(Dataset content)
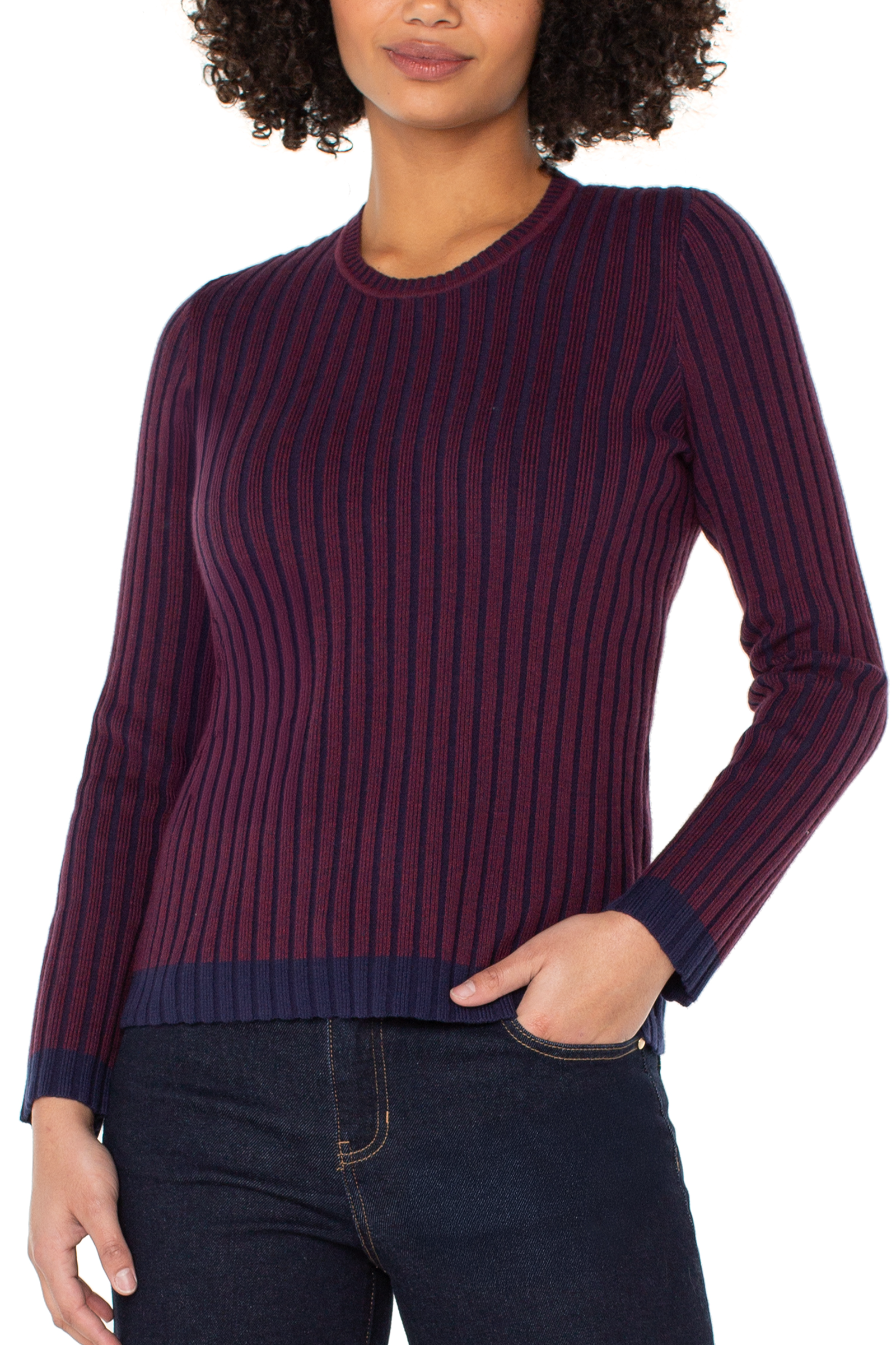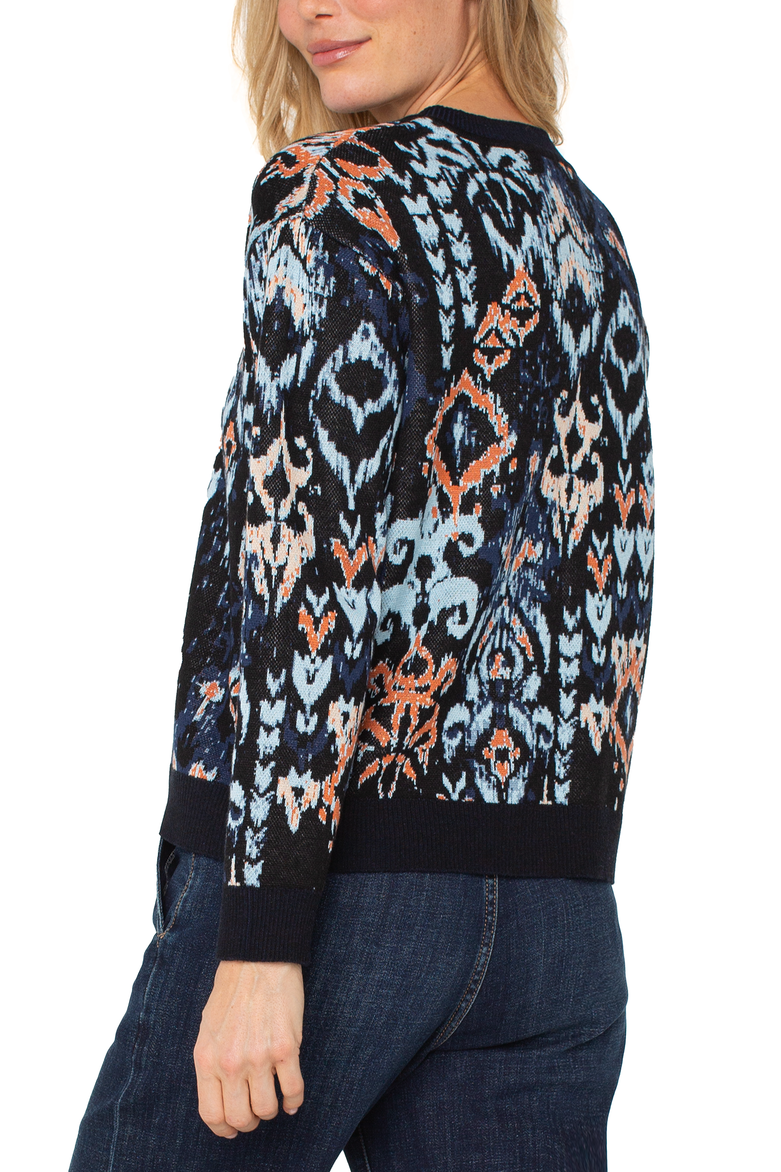 Long Sleeve Crew Neck Dropped Shoulder Jacquard Sweater
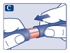 • Nehmen Sie eine neue Einwegnadel und ziehen Sie das Schutzsiegel ab.
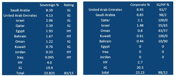 For ETF and benchmark-oriented strategies, we reference the ICE BofA indexes, which may diverge from the JP Morgan index suite. Within this framework, Saudi Arabia and UAE represent the two largest sovereign and corporate index weights, each exceeding 8% (Figure 3). Both are A-rated sovereigns with minimal high yield corporate exposure. Within the sovereign index, the most meaningful high yield exposure is Egypt at 1.9%, while in the corporate index, Israel high yield accounts for approximately 1%.
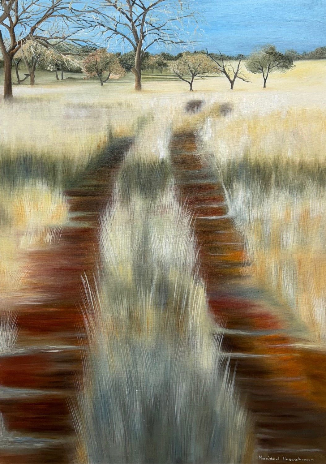 Experience the beauty of the open veld with Homeward bound. This stunning oil painting by Machtild Husselmann captures a tranquil landscape of a two track gravel road nestled in tall grass. Add a touch of nature to your home with this expertly crafted piece.
(End Dataset content)
- _What is expected_
Your response must consist of the lines from the beginning of the data through the line containing "das Schutzsiegel ab.", transcribed exactly, with no pictures.

- _The completed task_
 Long Sleeve Crew Neck Dropped Shoulder Jacquard Sweater
 • Nehmen Sie eine neue Einwegnadel und ziehen Sie das Schutzsiegel ab.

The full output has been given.